Training and Sampling

Getting started with training and sampling

In this guide, we'll step you through using the Tinker Python library to do the basic operations needed for training and sampling. View the complete Python script →

Creating the training client

The main object we'll be using is the TrainingClient, which corresponds to a fine-tuned model that we can train and sample from.

First, set your Tinker API key environment variable. In the terminal where you'll run Python, or in your .bashrc, put export TINKER_API_KEY=<your key>.

Then, create a ServiceInterface. This lets you find out what base models are available to be fine-tuned.

import tinker
service_client = tinker.ServiceClient()
print("Available models:")
for item in service_client.get_server_capabilities().supported_models:
    print("- " + item.model_name)

You'll see a list of model names:

- meta-llama/Llama-3.1-70B
- meta-llama/Llama-3.1-8B
...
- Qwen/Qwen3-235B-A22B-Instruct-2507
- Qwen/Qwen3-30B-A3B-Base

We currently support models from the Qwen3 and Llama3 series. We're going to use Qwen3-30B-A3B-Base (a raw pre-trained model) for these examples. See Available Models in Tinker for the full list.

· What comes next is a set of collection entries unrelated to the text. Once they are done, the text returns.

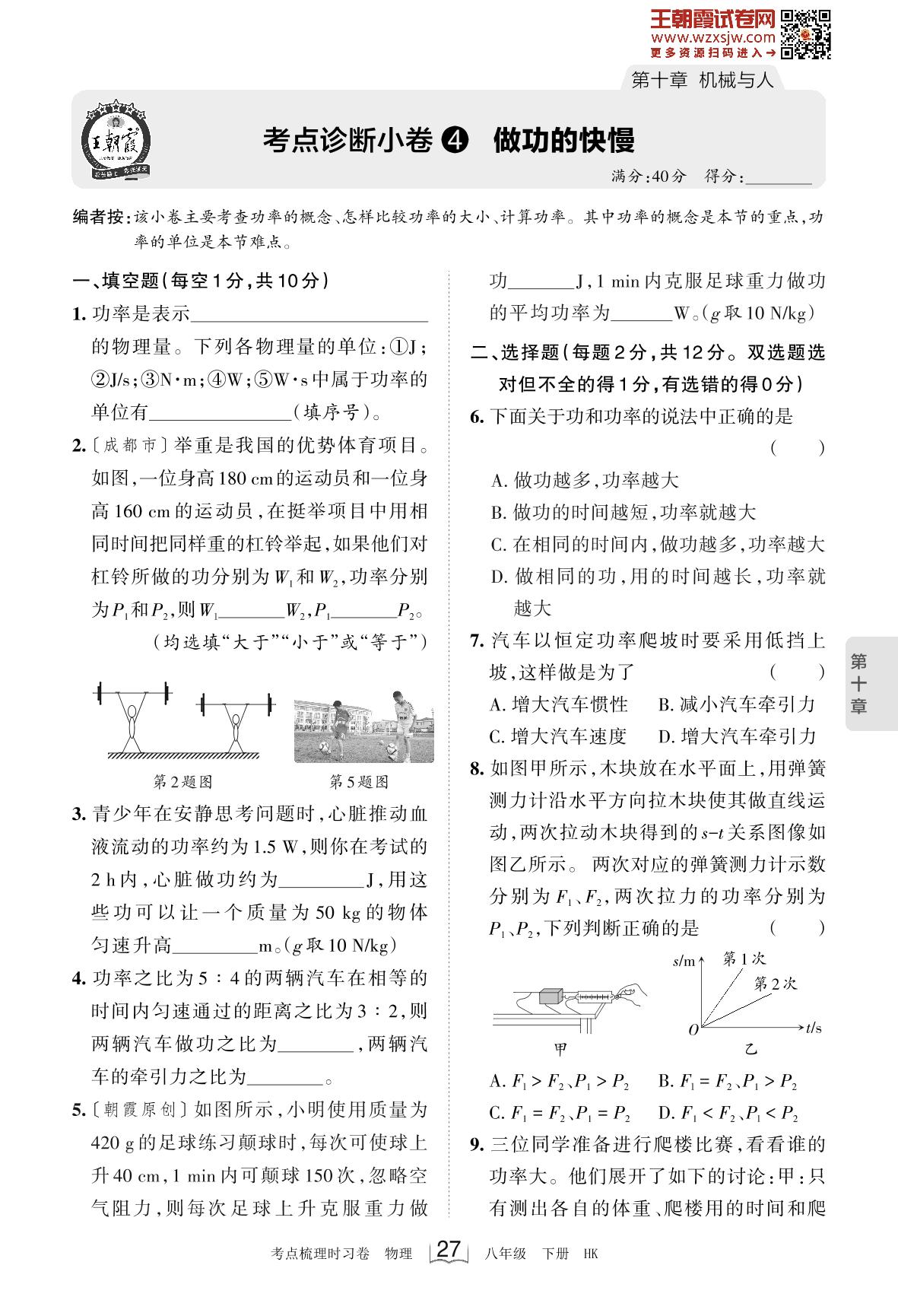 2023下册八年级物理沪科版 第十章 考点诊断小卷4 做功的快慢
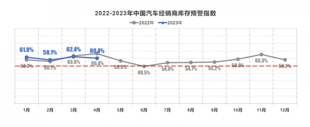 中国汽车流通协会发布的最新一期“中国汽车经销商库存预警指数调查”VIA(Vehicle Inventory Alert Index)显示,2023年4月中国汽车经销商库存预警指数为60.4%,同比下降6.0个百分点,环比下降2.0个百分点,库存预警指数位于荣枯线之上,汽车流通行业处于不景气区间。
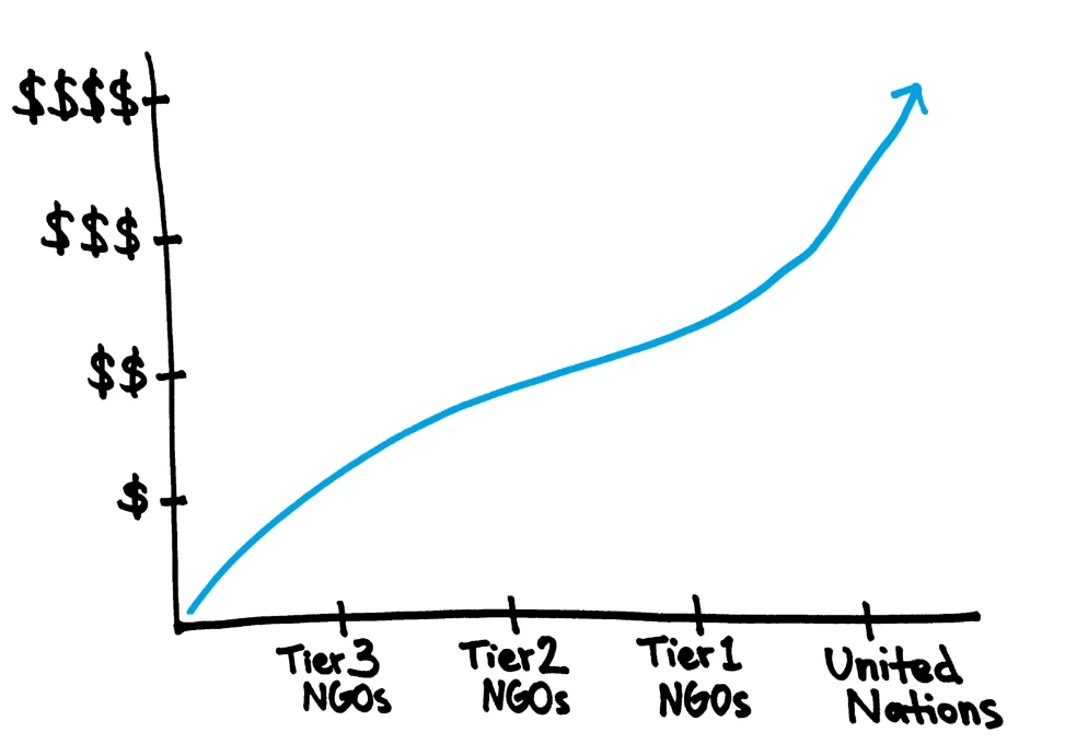 반면 UN기구의 경우, 구체적인 기구명은 밝히기가 어렵지만 국가단위로부터 받은 기여금(일종의 후원금)의 최소 5%에서 최대 30%까지도 인건비로만 지출되는 기구도 있다.
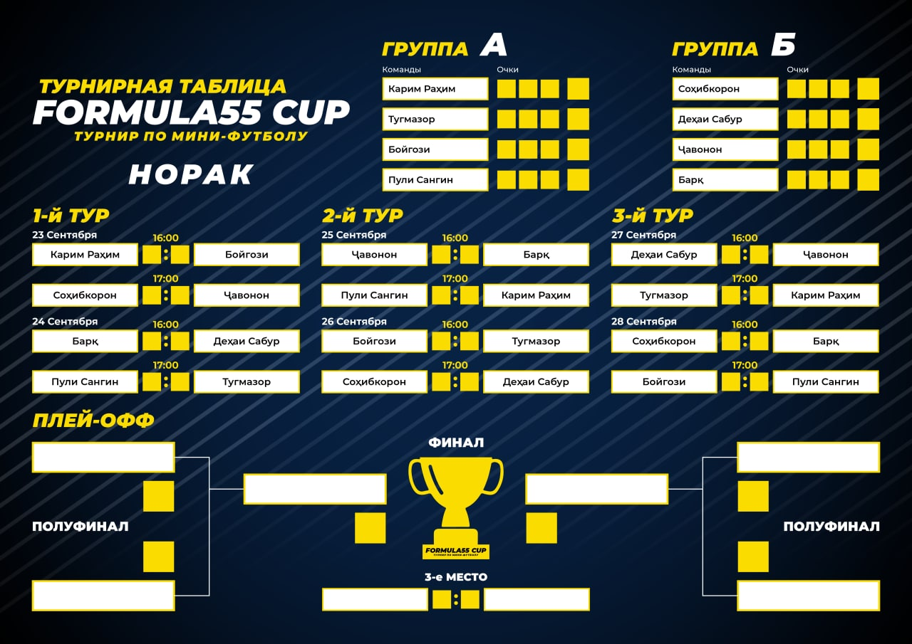 Игры пройдут в Худжанде, Турсунзаде, Нуреке, Бохтаре и Кулябе. Ранее в этих городах, кроме Бохтара, уже состоялись церемонии жеребьёвки команд, участвующих в турнире и были определены соперники. В Бохтаре жеребьёвка состоится 1 октября, ну а первые матчи стартуют в этом городе с 2 октября. В городах Нурек, Турсунзаде и Куляб первые матчи между командами по турниру «Formula55 CUP» стартовали уже сегодня.

Now we can create the TrainingClient:

base_model = "Qwen/Qwen3-30B-A3B-Base"
training_client = service_client.create_lora_training_client(
    base_model=base_model
)

Note that we've specified a base model, which is the model we'll initialize from. In this case, it's a raw pre-trained model, but most of the "base models" in Tinker are fine-tuned for chat/instruction-following. You should check the details of the model you're using in their system cards.

Preparing the training data

Now we can do training updates on the model. This quickstart example won't show best practices for LLM fine-tuning; it's just an API demo. Check out Rendering, Supervised Fine-tuning and the other Cookbook examples for guidance on how to use Tinker in real applications.

For this model, we'll train a model that can translate words into Pig Latin. The rules for Pig Latin are simple:

  • If a word begins with a consonant, move it to the end and add "ay"
  • If a word begins with a vowel, just add "way" to the end

Here are some example completions we'd like the model to perform, where the prompt is in green and the model's completion is in red:

English: hello world
Pig Latin:
ello-hay orld-way

Let's create some training examples and convert them to a format expected by Tinker.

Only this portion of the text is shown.